For more general information on upcoming events see the NZSI calendar here:
To attend Suzuki events in New Zealand you will need to join the New Zealand Suzuki Institute.
The following notes are from my experience of events in the South Island but they are probably quite similar to how events run in other places.
Concerts - usually held on a week-end afternoon. Often involve a small cost to cover room hire. Performers are expected to announce their name and the piece they are playing, then to bow to the audience. They always perform from memory and bow again after playing. Violin players then thank the accompanist, if there was one. Usually there is no dress code but sometimes performers are asked to wear concert dress (black-and-white). In most concerts it is considered quite acceptable for a parent to go up onto the stage to support a hesitant small child.
Workshops and camps - The difference between these is that accommodation is provided as part of a camp whereas no accommodation is provided for a workshop. Both events usually run for a few days in a row. They usually start with an informal "play-in" where all the children play some pieces together in casual dress. They usually finish with a "play-out" concert, which is more formal with children wearing black-and-white. Most lessons start and end with the child and teacher bowing to each other.
In South Island events children usually attend three 1-hour classes each day. The three classes are:
a masterclass where a group of children and parents sit in the room together.
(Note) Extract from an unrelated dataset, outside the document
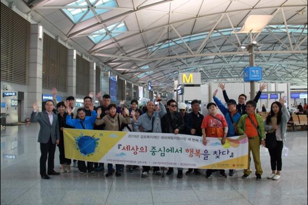 김포복지재단과 관내 사회복지시설 이용자들이 지난 22일 인천공항에서 ‘괌’으로의 사회복지시설 이용자 해외체험지원사업 출정식을 가졌다.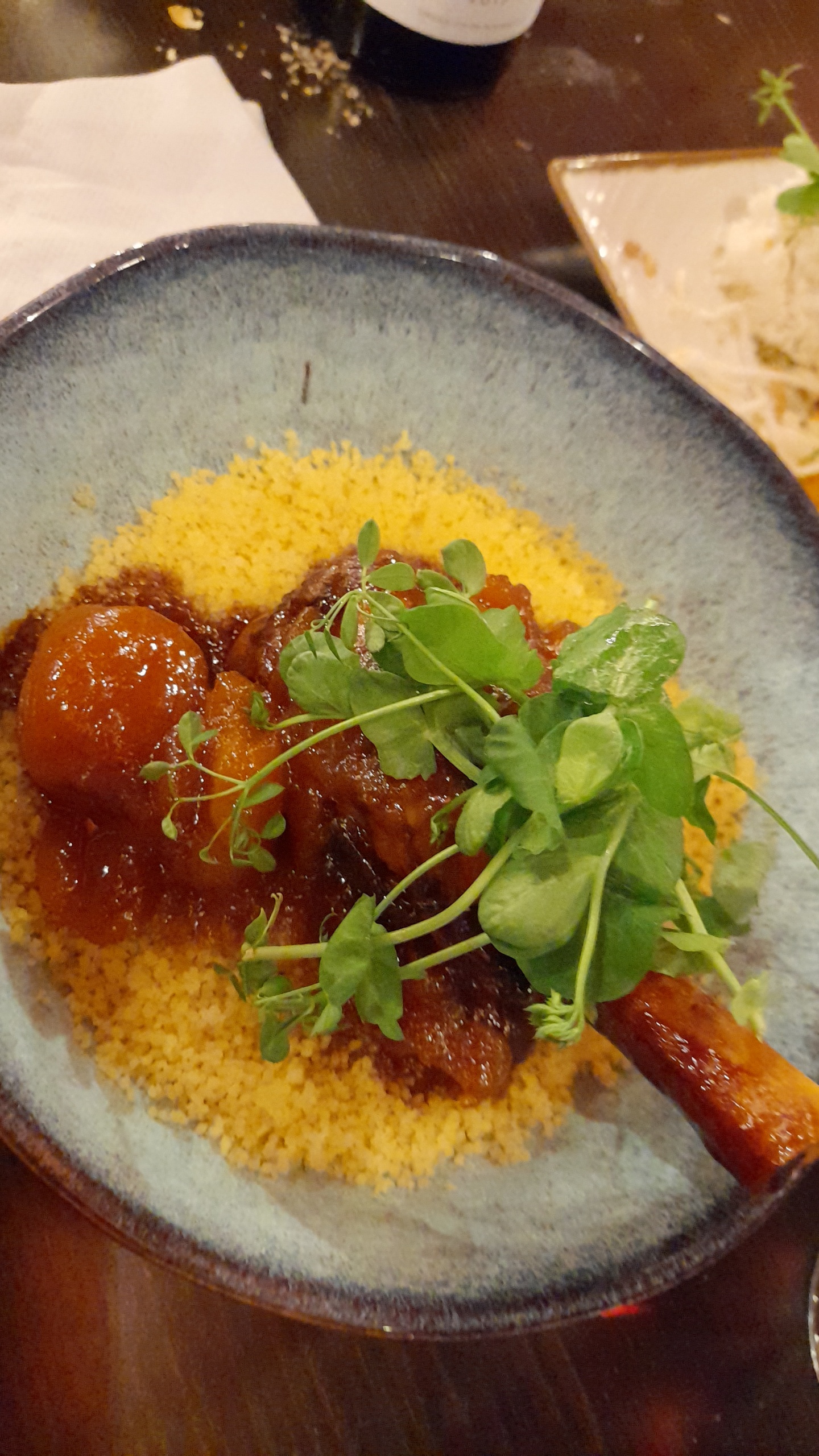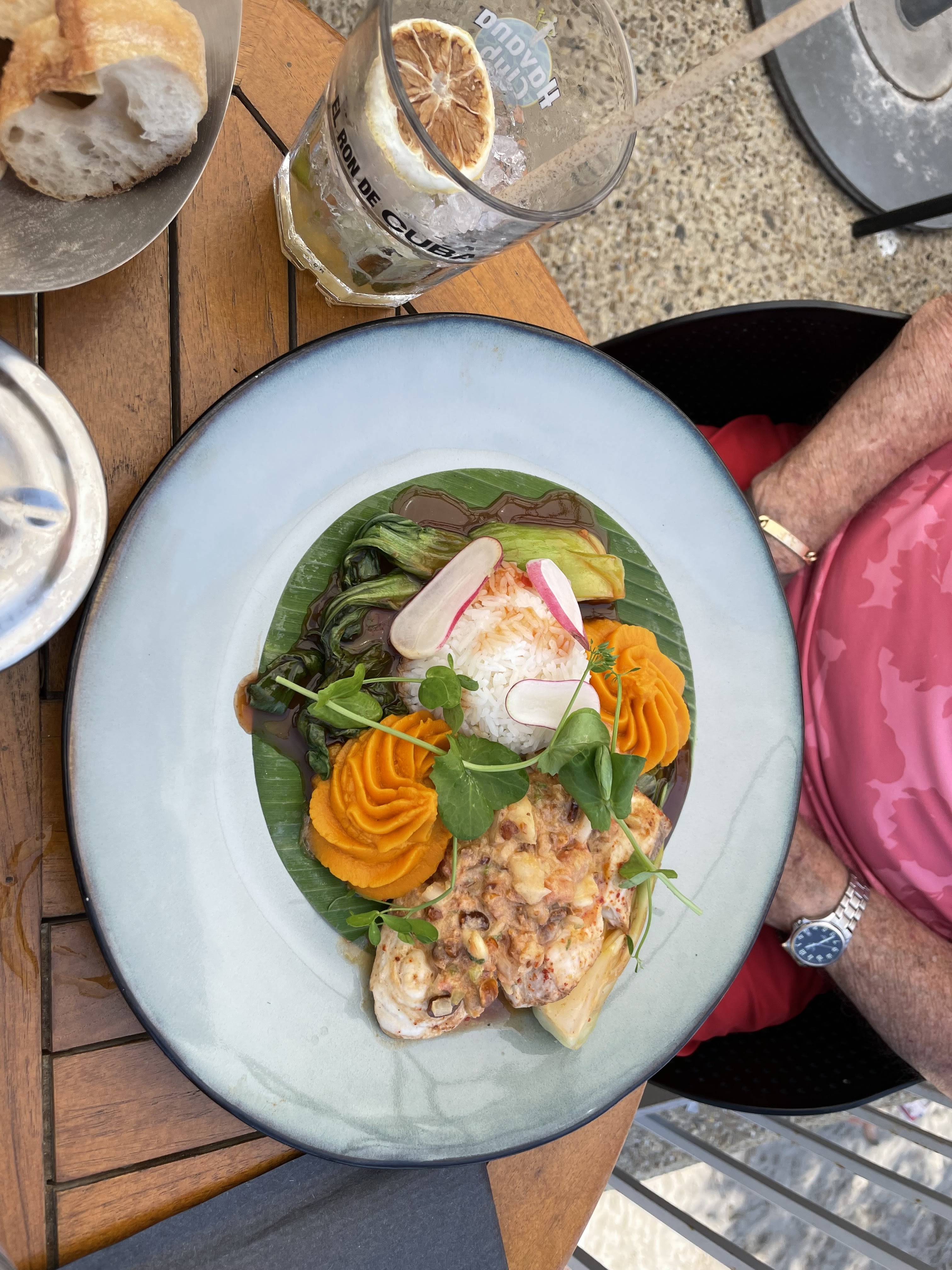 Cadre enchanteur pour admirer le coucher de soleil sur la 🌊 mer, personnel sympathique et arrangeant. Carte assez variée, c'est très copieux, des saveurs asiatiques. Très bon (et généreux) mojito ! La souris d'agneau était trop cuite cependant.

Each child takes a turn at having a short lesson with the teacher while the others watch and their parent takes notes.
a group class where a group of children play pieces together (from memory)
the third class might be "music enrichment" (music-related games) or playing in an orchestra or doing fiddling.
Most children attend all 3 classes each day but preschoolers who do not yet learn any instrument can often attend just music enrichment and slightly older children (aged about 3 to 5 yrs) who are only learning the twinkles can attend just two classes (music enrichment and a group class).
Some workshops/camps involve each child playing an individual concert (see the notes on concerts above).